Seen from this part of the globe, it is indeed relevant to have a preliminary analysis of the EU-India strategic partnership after the EEAS has formally come into existence. During her last four-day visit to India in June, Baroness Ashton presented a promising picture of the EEAS as ‘a “one stop shop”’ which would tackle the challenges of the 21st century. However, analysts, who underscore the absence of a security component in the EU-India strategic partnership, may study the symbolism of the team accompanying Baroness Ashton, which comprised of Giles de Kerchove, the EU Counter Terrorism Coordinator and Lt. Gen. Ton van Osch, Director General, EU Military Staff. As an outcome of the visit, both EU and India decided to give greater emphasis to Counter-Terrorism cooperation. A tie between Europol and the concerned Indian agency may also fructify. Establishing a distinct intelligence capability under the new EEAS is a conscious attempt. However it remains to be seen how the new EU diplomatic service would be successful in building and running its own intelligence setup and eventually liaise with strategic partners like India.

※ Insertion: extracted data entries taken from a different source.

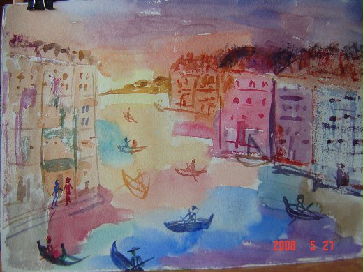 試圖以水彩模仿廖繼春威尼斯1967油畫像,廖繼春實驗畫了2張(粉紅色調以及藍色調),我也先後模仿但是更簡鍊。回溯起來,廖繼春此時是模仿Dufy,所以我盡量掌握Dufy的技巧:薄塗,以及底色和物體色同一顏色,只以黑色線條勾勒物體外型。
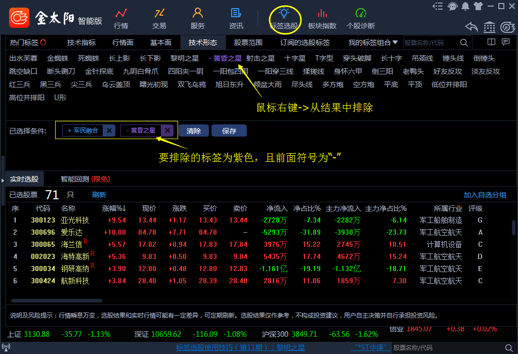对于这种见顶形态,我们在选股时一般使用排除操作,在选择好您钟意的标签或标签组合后,使用鼠标右键点击“黄昏之星”,选择“从结果中排除”即可。
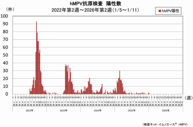 ヒトメタニューモウイルスは39検体を検査し、0件(0.0%)の陽性でした。
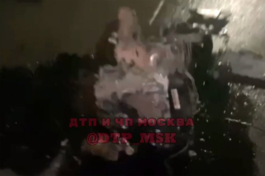 На кадрах с места ДТП видно, что двигатель автомобиля лежит на проезжей части, при этом в нескольких метрах находится поврежденная машина: у транспорта смят кузов и полностью разбито подкапотное пространство. На записи также заметно, что возле автомобиля собрались мужчины.

Observers of the EU-India strategic partnership are unanimous that even after ten annual summits the EU-India strategic partnership remains under-explored. It is true that the complex structure, intertwines of various European institutions, stands of member states on various issues and participation in different systems (like Euro, Schengen) are only a quizmaster’s delight. Moreover given the Indian foreign policy establishment’s preoccupation with its immediate neighbourhood and other pressing demands, the energy and concentration required to study the unique evolution of the Union needs to be increased. As both EU and India are committed to a multi-polar world order and determined to address the current challenges, reenergising the EU-India strategic partnership and reinvigorating the dialogue in various fora established so far should sincerely be pondered over. The Eighth Asia Europe Meeting (ASEM) in Brussels in October and the forthcoming EU-India summit with the incumbent Belgian presidency would serve this objective best.